N.J. commission proposes licensing requirements for weed delivery – WHYY

Weed Delivery Service Weightlifting

Precious Osage-Erese said she was “excited” to read up on the “fleshed out” proposed regulations for cannabis delivery applicants. The East Orange native is the chief operating officer of Roll Up Life, Inc., a Black-owned cannabis delivery business based in her hometown.

She said mapping out a business strategy proved to be a challenge without knowing the commission’s rules for delivery services, though her organization found ways to manage.

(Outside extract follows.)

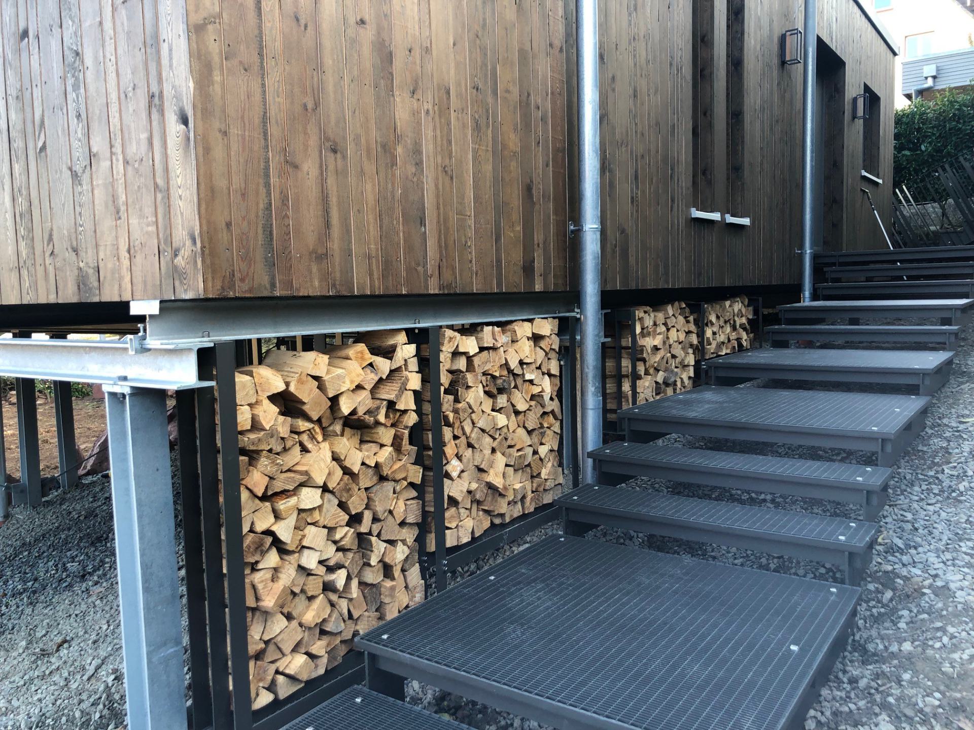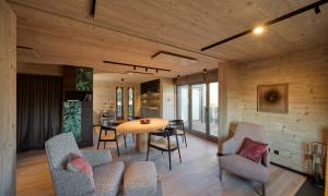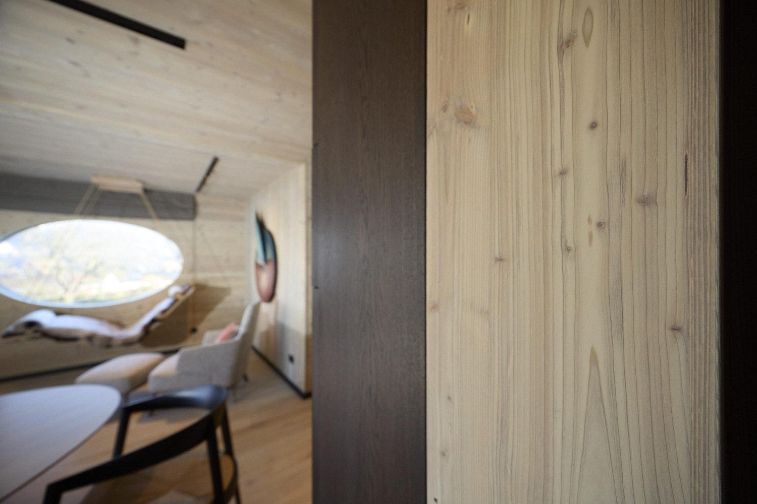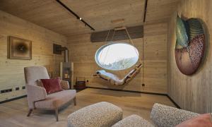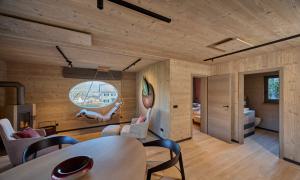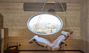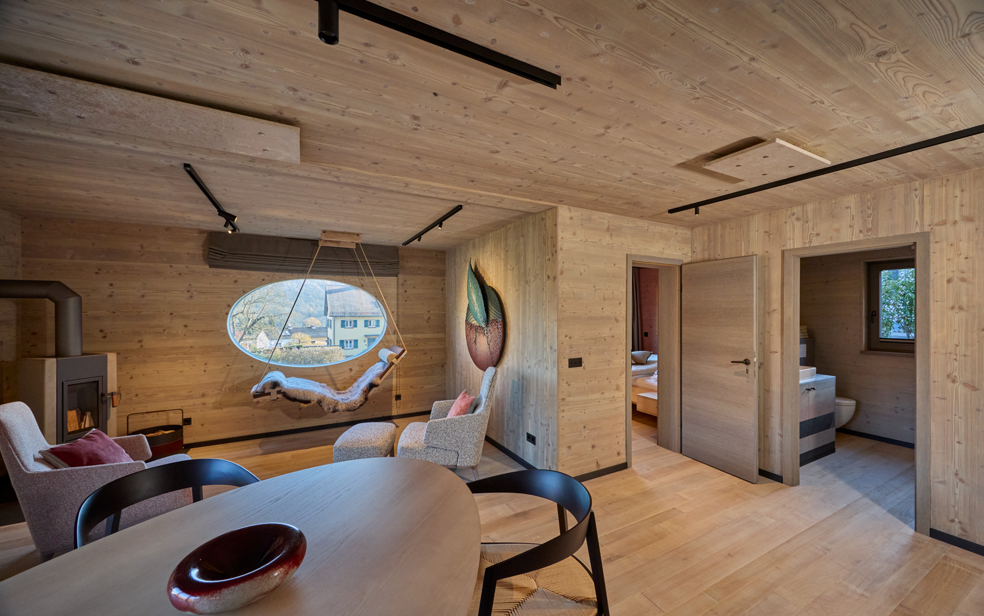 - Übergehend in einen Bereich zum Entspannen mit Hängeliege und Speicher-Holzofen

“While you can use a lot of marketing research, which was what we used in Massachusetts and a couple of other states, you can sort of anticipate what the rules can be and draft up some operating procedures that way,” Osagie-Erese said. “Then when the rules come, you can tweak what needs to be tweaked. Essentially, that’s what we did.”

Osagie-Erese added that she thinks that regulators have made it easier for cannabis delivery companies in the state to turn a profit, highlighting the proposed “one-person” rule, which provides that only one employee needs to be in the car during drop offs.

Some states, like Massachusetts, require two employees in a car for delivery transactions.

New Jersey would also allow deliveries in cities that have opted out of cannabis retail sales, unlike Massachusetts, Osagie-Erese said.

“’I’m happy to see some of the things that are going to make it a lot more manageable for delivery services to operate in the state,” Osagie-Erese said.

So far, the CRC has only authorized licenses for cultivators, manufacturers, and some retailers.

The public can comment on the proposals, which are listed on the CRC’s website, until Sept. 30.

Recreational sales began in the state in April.